↓ Содержание ↓
↑ Свернуть ↑
|
Слепящее южное солнце раскаляет воздух и землю, и фляга с водой едва не выскальзывает из потной ладони. Она полна чуть больше, чем наполовину — хватит ли до конца дня?
Хватит. Если пить по глотку, а не все сразу.
Мне — не привыкать.
В надежде поднимаю глаза. Но в жарком мареве впереди ничего не видно — только каменистая дорога бежит и бежит без конца, а по сторонам высятся крутые, поросшие кустарником и тонкими деревцами, склоны ущелья. И только кое-где яркими красными пятнами крови цветут робкие маки.
Река, в которой можно набрать воды, покажется еще не скоро, змейкой ползя среди гор — но я не уверен, что мы доберемся к ней до заката. Роланд, разумеется, ехал бы и день и ночь, не спешиваясь, но лошадям слишком жарко — не выдержат. Да и все, включая меня, уже изошли седьмым потом под этим безжалостным солнцем.
Прикрываю глаза, мерно покачиваясь в седле. Меч, так же мерно касаясь меня гардой, напоминает: опасность — везде. В горячем солнце, в криках голодных воронов, в мрачных склонах ущелья, в усталом хрипе лошадей… Жизнь так хрупка и может оборваться в любую минуту. Кто знает, что там, за поворотом?
— Слишком медленно, — Роланд хмурится и впервые за долгое время обращает ко мне свое обожженное лицо. — Нужно быстрее.
Роланд всегда торопится: сражаться, жить, любить, советовать, шагать — даже если путь еще неизвестен. Он точно знает наперед, что может случиться, словно Бог шепчет ему правду с небес.
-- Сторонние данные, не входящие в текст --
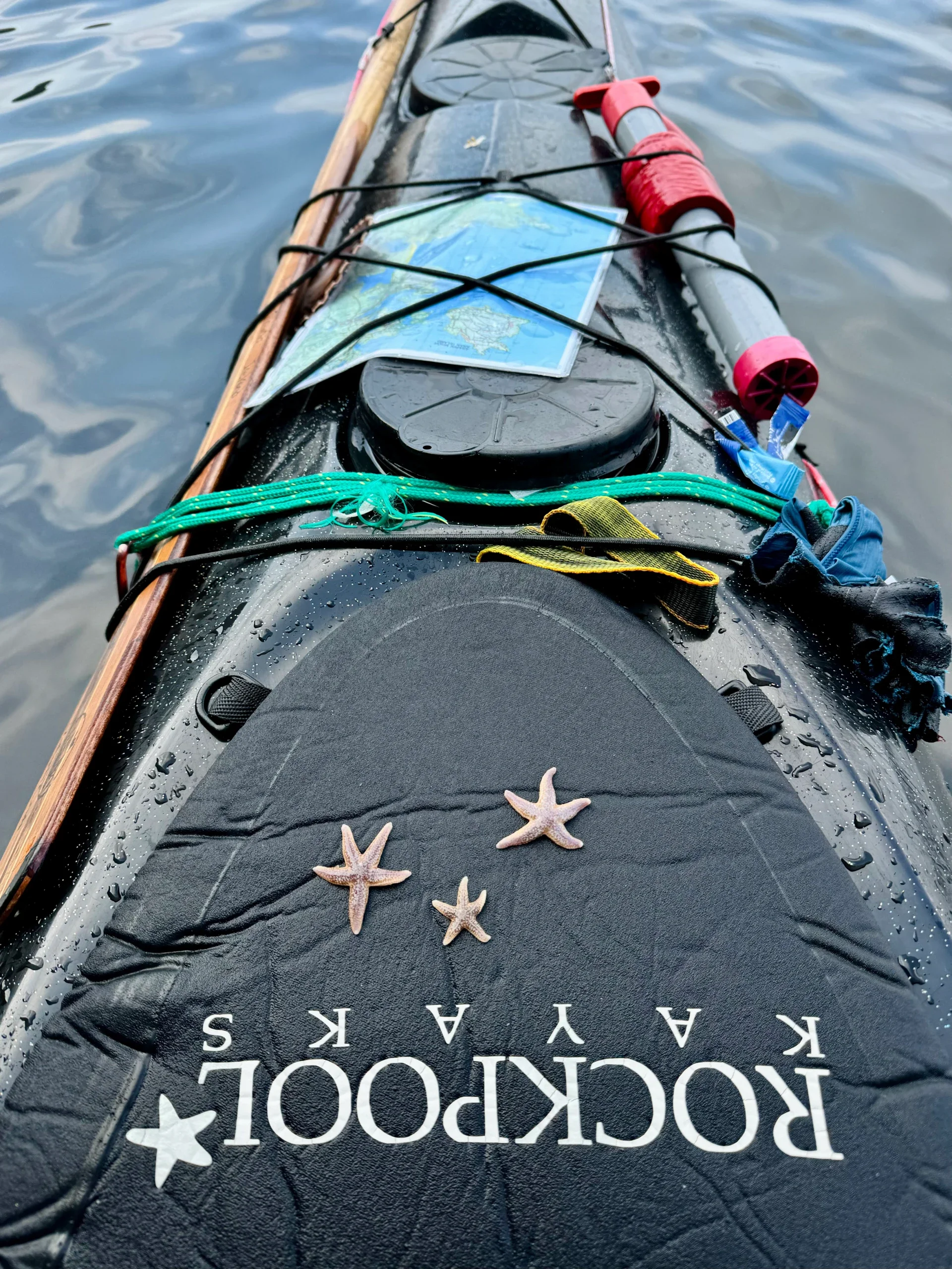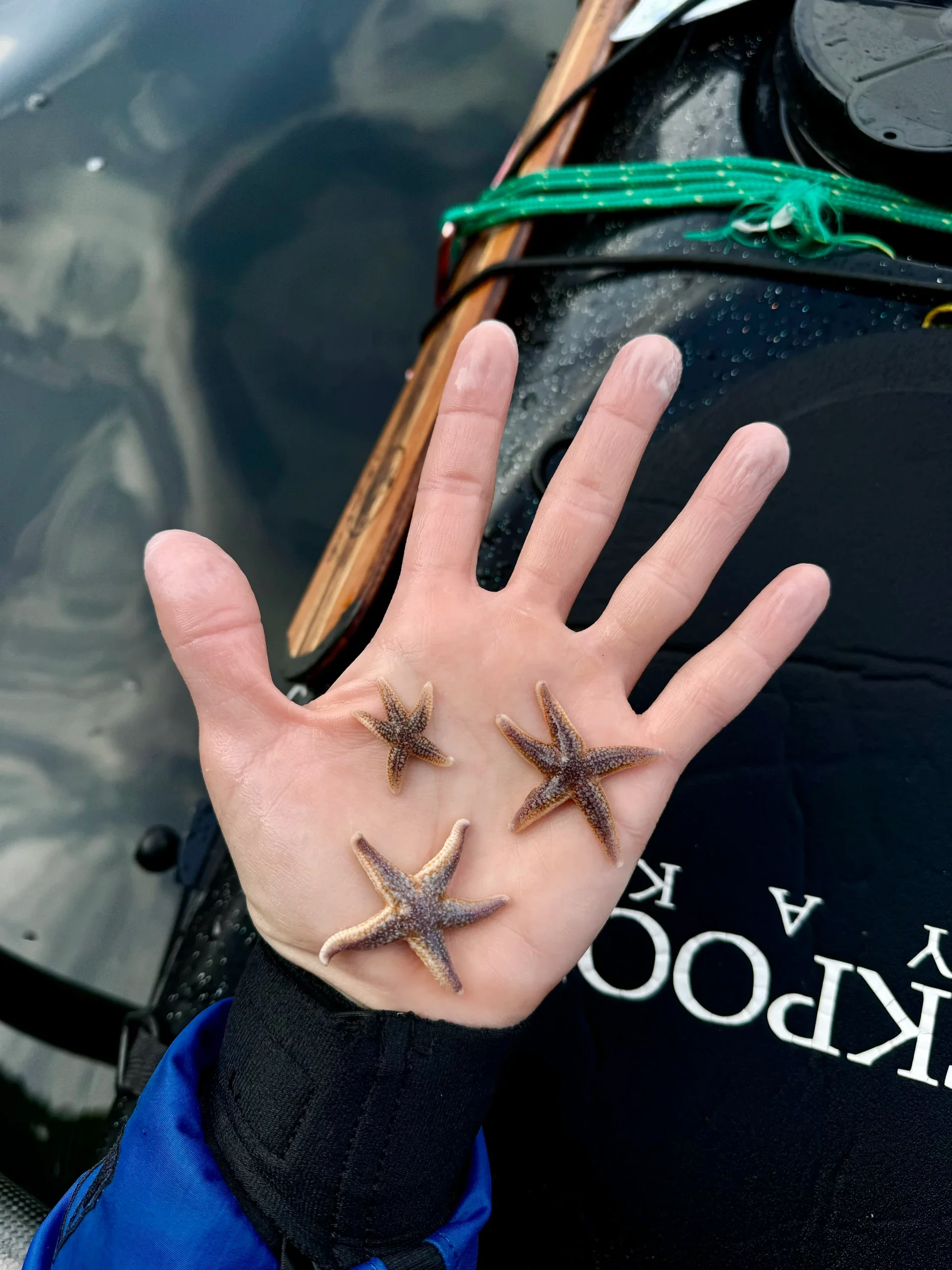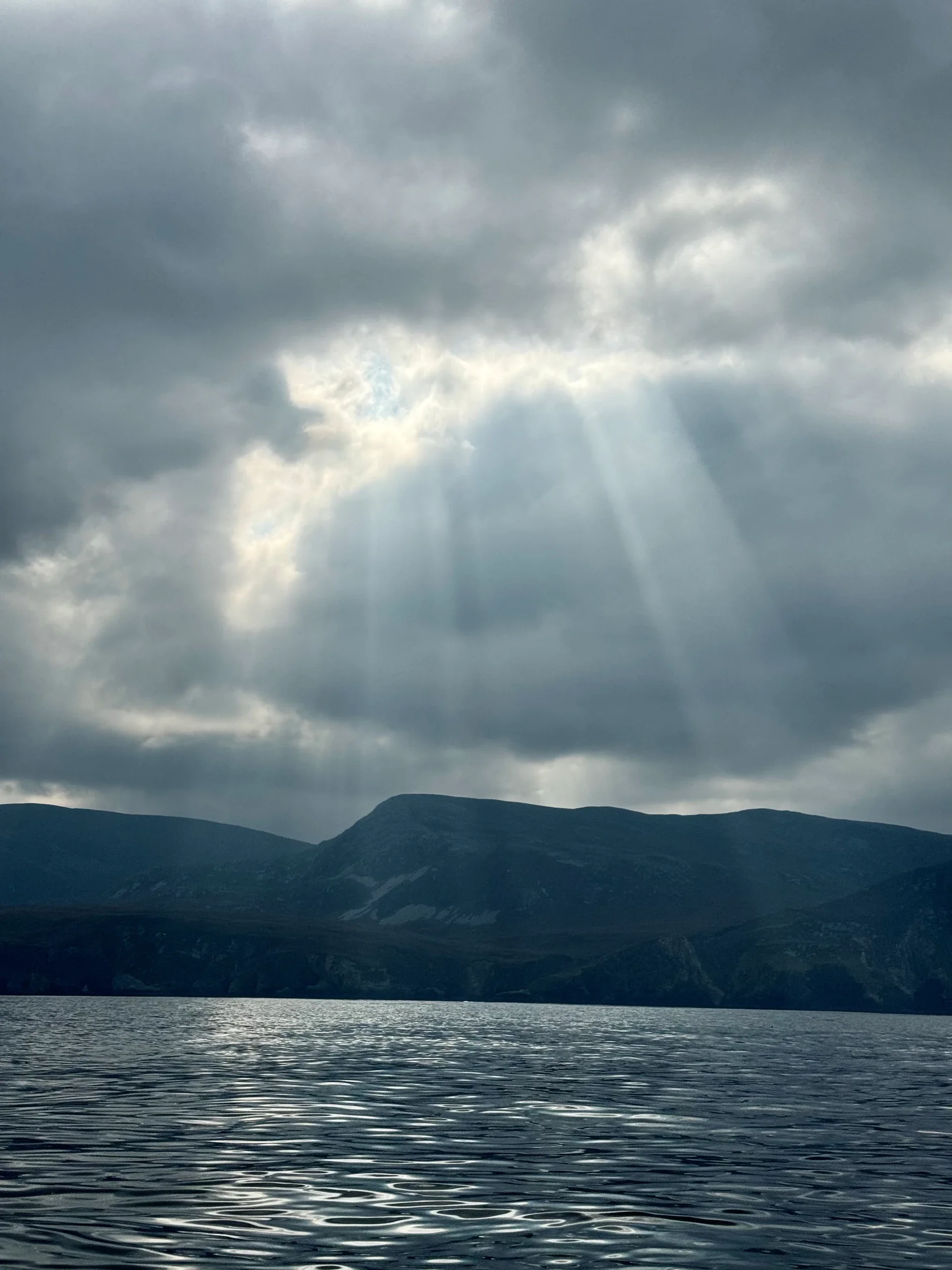 Back on the water and it just was one of those days where I had to have some hard "conversations" with myself. It's not like I'm going through any mad crisis in my life but we all have things going on, so being on the water in great for me to think and have my own space to process things. Such an incredible crossing towards Slieve Tooey, the sun was shining through the clouds in such dramatic rays of light through the clouds and everything was this gorgeous deep blue, the sea and sky alike. I lived in Norway for a winter and it reminded me of being there. I played my playlist while crossing from when I lived there. Very soft and glassy, moody day. When I got to the cliffs themselves, it was so beautiful to see them towering overhead. I saw some paddlers and wanted to keep my distance so I didnt have to chat in my meditative state, but when I saw one point towards and paddle to me, I thought aw man, theyre gonna do the thing where someone sees me and says "are you okay out here?? Do you need any help??" which I'm pretty tired of. As she got closer, she said "are you Ariel?" and we chatted for a bit. Turns out she has been following my whole trip as well which is happening more and more, and she gave me some twix and was off again. I wove through the cliffs and arches then and was amazed to see so many tiny little starfish that were the size of my finger, so I put a couple on my spray deck and they were just the size of the rockpool starfish printed on my deck which was cute. At one point when I was paused I could watch the seals swim underneath me and theyre colors bright and then their heads pop up to look at me. Rounded the corner further to a pier I had been to years ago when hiking some of Donegals mountains. It was a cool feeling to paddle up and think ah wow I've been here before. Finally still paddling as the sun set with my body aching and in pain from long days, I got to the most gorgous beach which was in a cove type area with white sand in a horse shoe shape and high cliffs behind it. Which was beautiful but also the thought of trying to get more water here started to dissipate. There is a way up from a stair case but its quite long and then I have to walk to the houses somewhere up there to ask for water. It got dark fast so I really didnt fancy that but when I pulled all my water bottles out, I did realize that I was out of water. Shoot. I saw a stream coming down the side of the cliff on my way in so Ill try that tomorrow. I had a meal replacement shake and tin of chicken meatballs for dinner because I was not about to get my stove out nor did I have water to cook anything with. I just took my joint supplement with the tomato sauce that came in the tin. Nice.

— Видишь эти склоны, Оливье? — он указывает рукой на скалы, сжимающие дорогу с обеих сторон. — Нам снизу ничего не видно. Зато мы видны всем, и не только птицам да зверям.
Не отвечаю, смотря на его сильное тело в стеганой рубахе и сверкающем нагруднике с выкованными на нем тремя скрещенными молотами. Я знаю Роланда давно — еще с тех пор, как был подростком, а он — молодым мужчиной, воином с красивым мечом, на котором сверкало солнце. За нашими плечами — не один бой спиной к спине, не один пир при дворе сира, не один вечер в доме моего отца. Я люблю Роланда как брата — и останусь верен ему до конца, когда бы Бог ни решил оборвать наши жизни.
— Мечтаешь поскорее вернуться к Альде? — подзадориваю я, живо вспоминая печальное лицо сестры с холодно смотрящими глазами и плотно сомкнутыми губами.
Роланд улыбается уголками красноватых губ и тут же хмурится, в сотый раз оглядываясь по сторонам. Чутье еще никогда его не подводило, и я невольно сглатываю от пробежавших по телу мурашек. Это не страх — это внезапное осознание, что вокруг — только солнце и гнетущая тишина, изредка прерываемая ржанием уставших лошадей.
— Ты зря не отправился с сиром, Оливье, — Роланд похлопывает коня по мокрой от пота шее. — Уже который день себя изводишь.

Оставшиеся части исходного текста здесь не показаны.